Information supplied:
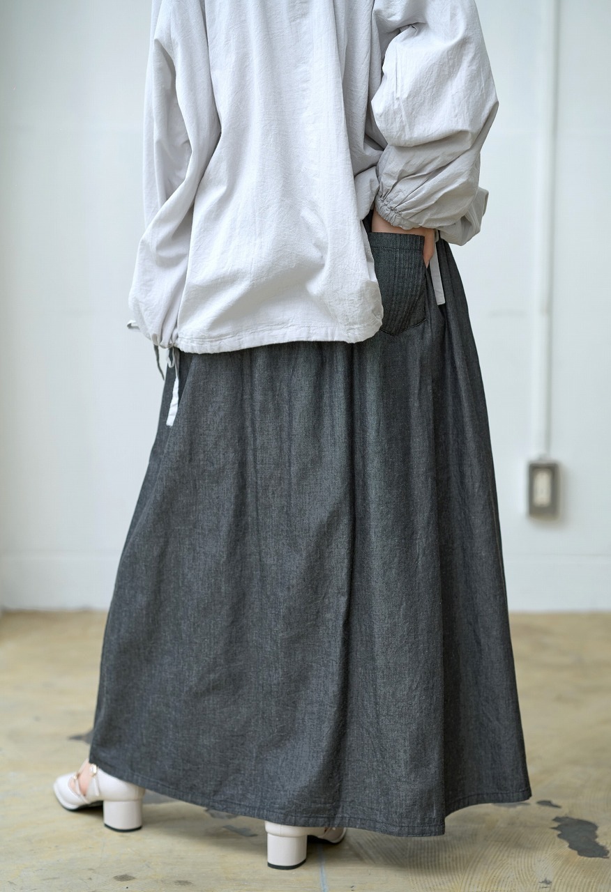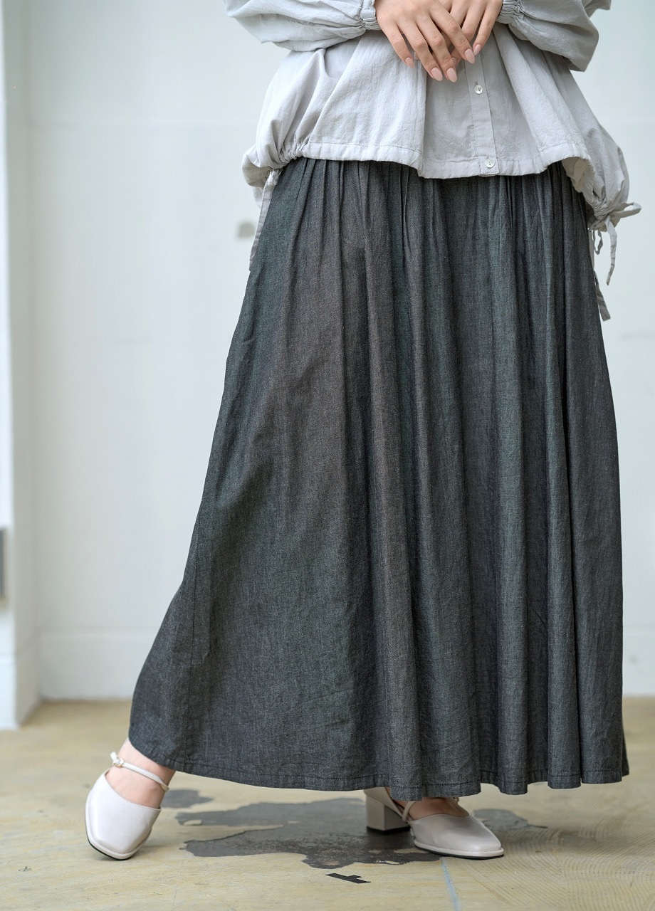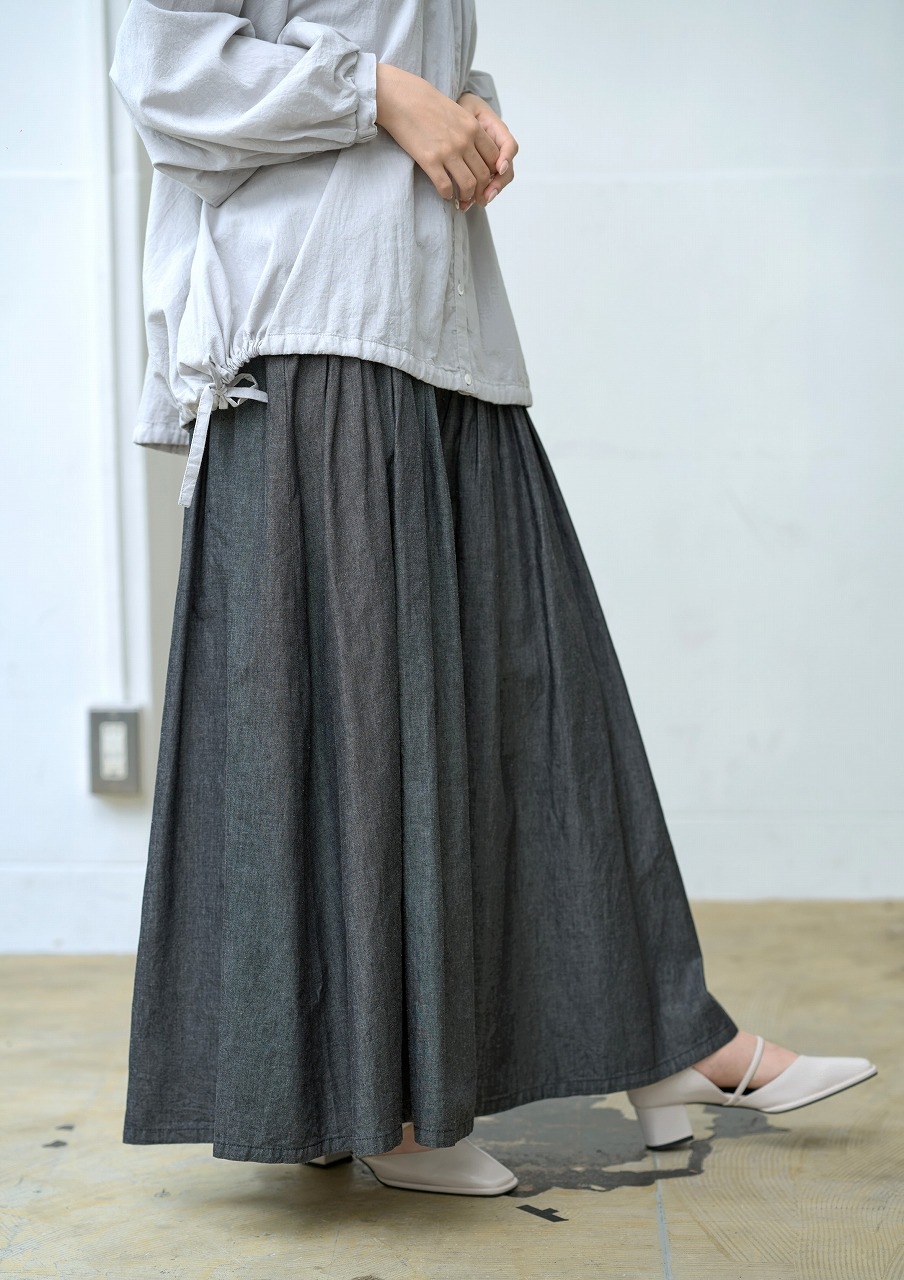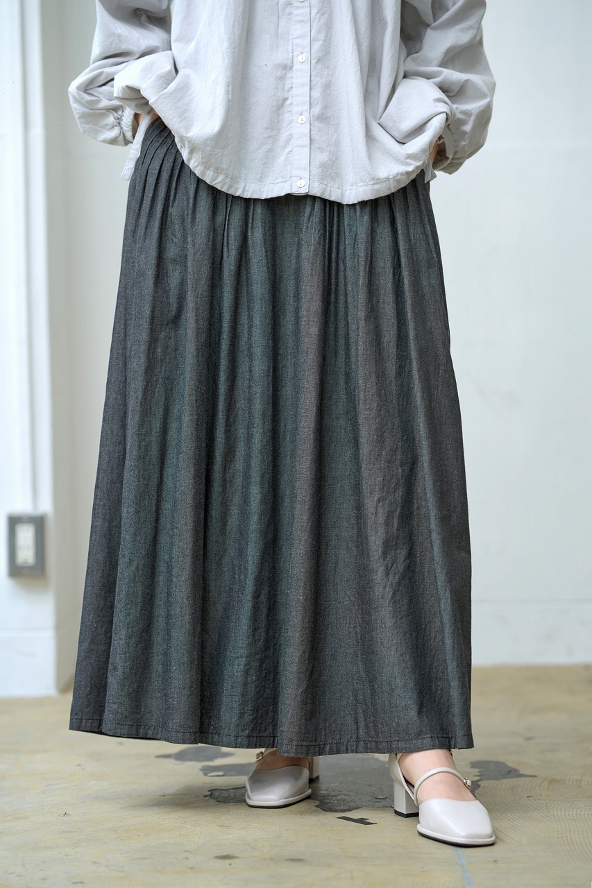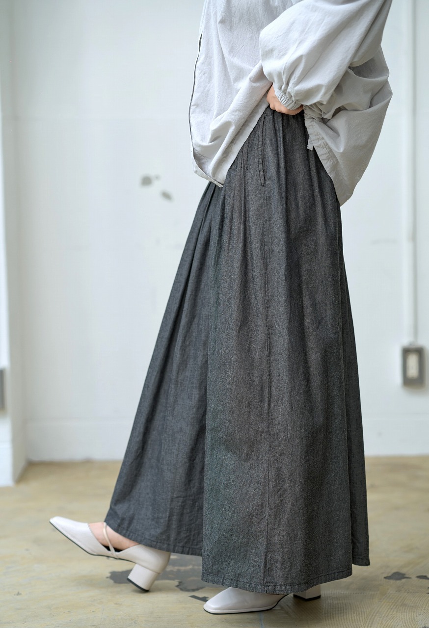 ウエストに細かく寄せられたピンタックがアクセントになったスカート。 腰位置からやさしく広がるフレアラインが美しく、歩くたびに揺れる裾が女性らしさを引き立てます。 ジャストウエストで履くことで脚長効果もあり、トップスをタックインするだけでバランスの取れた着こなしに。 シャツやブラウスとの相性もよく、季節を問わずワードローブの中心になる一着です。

==

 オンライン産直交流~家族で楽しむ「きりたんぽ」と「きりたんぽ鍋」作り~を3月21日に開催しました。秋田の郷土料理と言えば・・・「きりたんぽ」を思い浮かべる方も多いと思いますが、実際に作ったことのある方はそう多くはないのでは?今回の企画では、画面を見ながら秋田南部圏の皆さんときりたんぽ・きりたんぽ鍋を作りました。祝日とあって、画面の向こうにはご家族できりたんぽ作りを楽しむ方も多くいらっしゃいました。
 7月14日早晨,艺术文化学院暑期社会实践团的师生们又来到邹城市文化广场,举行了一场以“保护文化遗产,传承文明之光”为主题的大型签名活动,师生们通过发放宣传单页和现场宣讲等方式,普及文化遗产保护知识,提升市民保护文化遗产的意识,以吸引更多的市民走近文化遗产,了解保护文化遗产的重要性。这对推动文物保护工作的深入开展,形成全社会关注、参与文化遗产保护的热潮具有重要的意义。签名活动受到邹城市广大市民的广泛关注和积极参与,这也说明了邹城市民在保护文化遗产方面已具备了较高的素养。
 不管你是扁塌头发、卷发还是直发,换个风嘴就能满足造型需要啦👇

---

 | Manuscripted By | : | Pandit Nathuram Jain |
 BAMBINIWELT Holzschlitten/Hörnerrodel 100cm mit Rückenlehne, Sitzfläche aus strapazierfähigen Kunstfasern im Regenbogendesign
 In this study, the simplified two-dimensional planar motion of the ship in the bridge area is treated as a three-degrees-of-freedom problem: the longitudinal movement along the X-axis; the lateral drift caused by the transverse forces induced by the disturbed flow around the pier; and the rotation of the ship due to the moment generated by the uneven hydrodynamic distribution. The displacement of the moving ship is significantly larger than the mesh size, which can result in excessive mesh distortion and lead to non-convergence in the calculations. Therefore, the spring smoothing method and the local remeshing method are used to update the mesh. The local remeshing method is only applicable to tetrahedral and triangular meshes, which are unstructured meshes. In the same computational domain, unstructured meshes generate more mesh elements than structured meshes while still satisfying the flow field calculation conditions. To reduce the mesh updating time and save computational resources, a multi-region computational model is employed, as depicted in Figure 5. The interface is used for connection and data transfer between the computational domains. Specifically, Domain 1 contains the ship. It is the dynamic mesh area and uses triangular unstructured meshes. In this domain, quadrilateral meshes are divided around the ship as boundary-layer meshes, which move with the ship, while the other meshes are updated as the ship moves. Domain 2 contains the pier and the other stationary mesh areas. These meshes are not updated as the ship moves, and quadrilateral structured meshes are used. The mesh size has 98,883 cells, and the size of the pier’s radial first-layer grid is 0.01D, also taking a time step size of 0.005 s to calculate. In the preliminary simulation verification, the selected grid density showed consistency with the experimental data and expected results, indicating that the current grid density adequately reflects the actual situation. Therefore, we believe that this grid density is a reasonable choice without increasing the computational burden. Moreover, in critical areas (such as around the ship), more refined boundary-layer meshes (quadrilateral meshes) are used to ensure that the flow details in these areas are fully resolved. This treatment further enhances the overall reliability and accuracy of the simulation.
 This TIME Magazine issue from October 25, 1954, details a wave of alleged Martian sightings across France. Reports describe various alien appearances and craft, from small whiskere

Requirement: Could you restate word for word the lines above, from the one that contains "7月14日早晨,艺术文化学院" through the one that contains "不管你是扁塌头发、卷发还是直发,换个风嘴就能满足造型需要啦👇", and no others?

Answer for this exercise:
 7月14日早晨,艺术文化学院暑期社会实践团的师生们又来到邹城市文化广场,举行了一场以“保护文化遗产,传承文明之光”为主题的大型签名活动,师生们通过发放宣传单页和现场宣讲等方式,普及文化遗产保护知识,提升市民保护文化遗产的意识,以吸引更多的市民走近文化遗产,了解保护文化遗产的重要性。这对推动文物保护工作的深入开展,形成全社会关注、参与文化遗产保护的热潮具有重要的意义。签名活动受到邹城市广大市民的广泛关注和积极参与,这也说明了邹城市民在保护文化遗产方面已具备了较高的素养。
 不管你是扁塌头发、卷发还是直发,换个风嘴就能满足造型需要啦👇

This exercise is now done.